Deborah Parker is Professor of Italian at the University of Virginia. She is the author of Commentary and Ideology: Dante in the Renaissance (Duke University Press, 1993), general editor of the World of Dante website (worldofdante.org), and co-author of Inferno Revealed: From Dante to Dan Brown (Palgrave Macmillan, 2013). In addition, she has published numerous articles on Dante’s reception in art and literature. Recent articles includes “Bronzino’s Dante” and “JFK’s Dante.” She has taught courses on Dante’s Inferno and Purgatory in Translation for over 25 years at the University of Virginia. She has also directed an NEH seminar for high school teachers on “Reinventing Dante: Influence, Adaptation and Appropriation” in 2014.

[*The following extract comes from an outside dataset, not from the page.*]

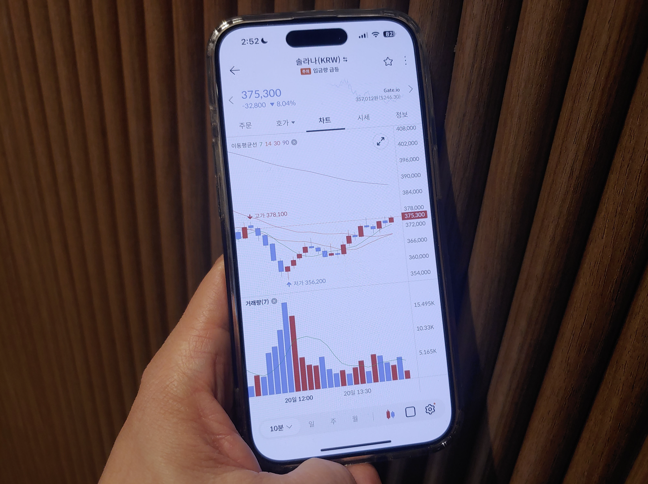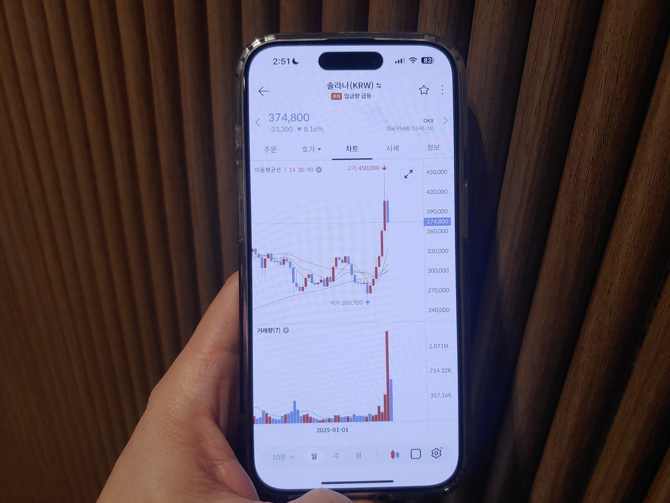 [사진 = 솔라나 코인 시세 빗썸 기준으로 1월 19일 저녁 450,000원까지 올랐습니다. 사상 최고치 기록 경신했습니다. 트럼프 밈코인 영향이 있었습니다. 그 이후에는 30만 원대 중반으로 밀렸다가 다시 후반으로 올라오는 중이며, 최근 거래량 급등했습니다. 이번 트럼프 이슈로 해당 코인에 대하여 인지했던 분이 많을 것으로 보입니다. (C) 빗썸 앱]

Barbara Ellison Rosenblit studied Dante in Siena as a member of the 2002 NEH Summer Seminar. When she returned, Barbara introduced a year-long course in the Commedia at The Weber School, a Jewish high school, where it became a seminal course for 14 years. Barbara has a masters in Jewish Studies from Emory University and one in English Literature from Columbia Teachers College. Interested in the exploring the text in interfaith groups, she and a Catholic colleague received an NEH award in 2003 to teach a Dante course to Catholic and Jewish faculty members at their two schools. The inter-religious faculty liaisons resulted in the development of a Catholic-Jewish-Muslim student group, Peace by Piece, that has been engaging in interfaith dialogue for twenty years. Since leaving the classroom in 2019, Barbara continues to teach groups interested in the Commedia. She has won several teaching awards, including The Covenant Award for Exceptional Teaching in 2004 and, in 2016, the first annual Durling Prize for excellence in secondary school teaching of Dante. Many of Barbara’s students’ works appear on the Dante website under Dante Notes “Student Encounters,” and her annotated syllabus appears in the “Pedagogy”section. She is currently chair of the Education and Outreach Committee for the Dante Society of America.
Sherry Roush is Professor of Italian at Penn State University. She has won two distinguished teaching awards, and her favorite class to teach by far is “Dante in Translation,” which she approaches largely in terms of ethical decision-making with a view to Dante’s afterlife. She has also incorporated Dante in courses on early Italian ghost storytelling, and Italian translation theory and practice. In addition to presenting her research at national and international conferences she has led discussions at a local high school, at the State College Literary Club (a group of retired life-long learners), to the Bottleworks Cultural Center, to the Penn State Catholic Community, and to UNICO, an Italian American Cultural Community in Pennsylvania. A widely published scholar, she is the author of Speaking Spirits: Ventriloquizing the Dead in Renaissance Italy and Hermes Lyre: Italian Poetic Self Commentary from Dante to Tommaso Campanella. She has also edited and translated several volumes, and has won several awards for translation from the National Endowment for the Humanities.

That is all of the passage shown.